There may not be one specific set of comprehensive standards that are deemed as being acceptable “excuses" for every kind of erroneous belief, but there are some reasons that are more plausible than others, which can help give us better explanation and insight. For instance, neurological studies that focus on the effects of religion on the brain can help others understand or inquire into other possibilities regarding the origin of these types of beliefs by providing that insight into the reality of whats going on biologically. In other words, there's a better way to approach this rather than labeling people's experience as "stupid, crazy, or dumb". After all, you can't forcibly MAKE somebody believe something. Ultimately, people have to make those connections inside their brains' themselves in order to accept them. Skeptics are open to such criticism as well when certain claims stray from being a sound arguments, like when using ad hominem attacks in an attempt to prove a point.

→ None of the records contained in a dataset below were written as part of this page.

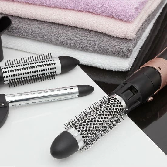 De fohnborstel heeft zes verschillende borstels waarmee je slag of volume creëert voor elk vorm van haar. Dankzij de 3 temperatuurniveaus en het vermogen van 1200 W kun je zowel de krullen fixeren of volledig steil haar creëren.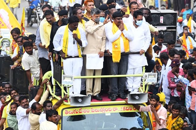 The roadshow saw a large turnout as several party workers from neighbouring constituencies and districts had thronged to Kuppam. Meanwhile, a TDP worker reportedly died after coming in contact with a live wire while he was tying a party flag atop a private bus carrying TDP workers to the meeting.
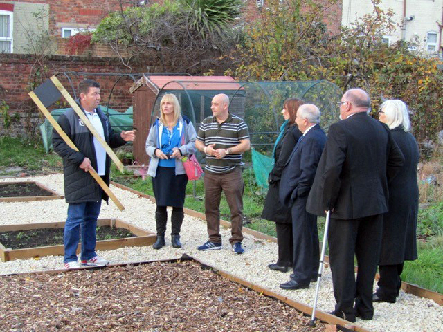 | A small group then visited an allotment that is used in the project to enable clients to develop a number skill to help with recovery. |

Many people who begin to take on this quest of extinguishing the flame of religion often find themselves outside of science and lead strait into a more metaphysical than scientific discussion. Ridicule and boasting about being "right" isn’t part of science, but if we present it in that light of being absolute truth, it can be correlated with "arrogance", becoming even more effectively dissonant to a persons' prior core beliefs. Personally, I think that this attitude, tone, or word selection may be effective for a certain demographic of people, but for the most part the general public has very strong personal beliefs that are heavily influenced by the emotional experiences of being human. To me, it seems like this brand of tactics encompasses the kind of emotional response that simply turns a large number of people off. In some cases, even when the methodology behind the argument is sound, this will just effectively work against those efforts and push a lot of non-skeptics further into rationalizing their prior beliefs with any kind of reasoning, even if it means using bad logic.

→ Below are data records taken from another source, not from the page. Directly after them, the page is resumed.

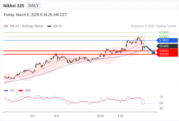 在 57800 之下,看跌,目标价位为 53500 ,然后为 52100 。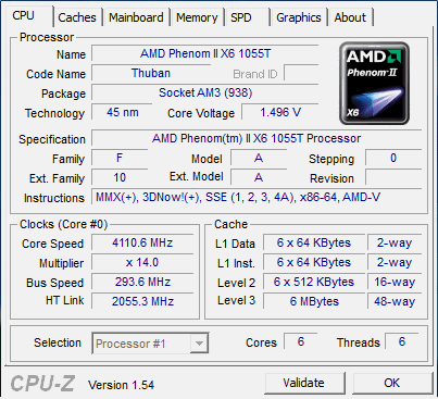 | Процессор (ядро) | AMD Phenom II X6 (Thuban) |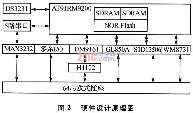 硬件设计原理图如图2所示。MultiBus—CPU模块选用Atmel公司的AT91RM9200为主处理器,融合了ARM920T ARM Thumb处理器。其工作于180 MHz时性能高达200 MIPS;具备存储器管理单元,可以运行Linux等实时操作系统;具备10/100 Base—T型以太网卡接口,只需外扩一个PHY即可实现以太网通信;具备USB 2.O全速(12 Mb/s)主机双端口,可以扩展键盘、鼠标、U盘等标准外设。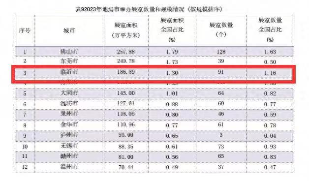 《2023年度中国展览数据统计报告》显示,临沂展览规模居全国地级市第3位

Personally, I don’t think the majority of the emphasis should be on respect, in regards to priority, but more rather on empathy. We empathize, identify commonalities, and THEN show respect. People earn respect by being respectable first, so much like credibility, it is attained over time, through proven and consistent efforts. The overarching point to defend science might be correct, but if the social methods to show that point are offensive to another, it won’t make a difference how much that you think your "right" to them. We shouldn't always just use the Malcom X tactic of "By any means necessary", in order to justify another person having to be offensive, use labels, just to prove a point to satisfy their own ego. This doesn’t appear to be the most effective strategy, especially when we know so much about confirmation bias and the notions of cognitive dissonance theory.

After listening to this discussion, I can define my own personal strategy as associating myself with anything that seeks to promote scientific inquiry through teaching critical thinking and encouraging others, not only to be more analytical thinkers, but to also be excited about science in general. Basically, the definition of what the skeptical movement and science is all about.

There isn't a specific cookie cutter strategy that is universally applicable to combating all types of fallacious beliefs. So, I would have to say that PZ and Chris are BOTH right, but the specific variables in the situation dictate what course of action needs to be taken. Not every person is as far along as others, everyone learns at their own pace, some people need a little push and motivation, while some immediately fold and crack under any kind of pressure. I’m glad this discussion was held, it was very interesting to say the least and it helped me formulate my own position regarding these issues as well. Thanks to all of those involved at Point of Inquiry and those who participated in this discussion!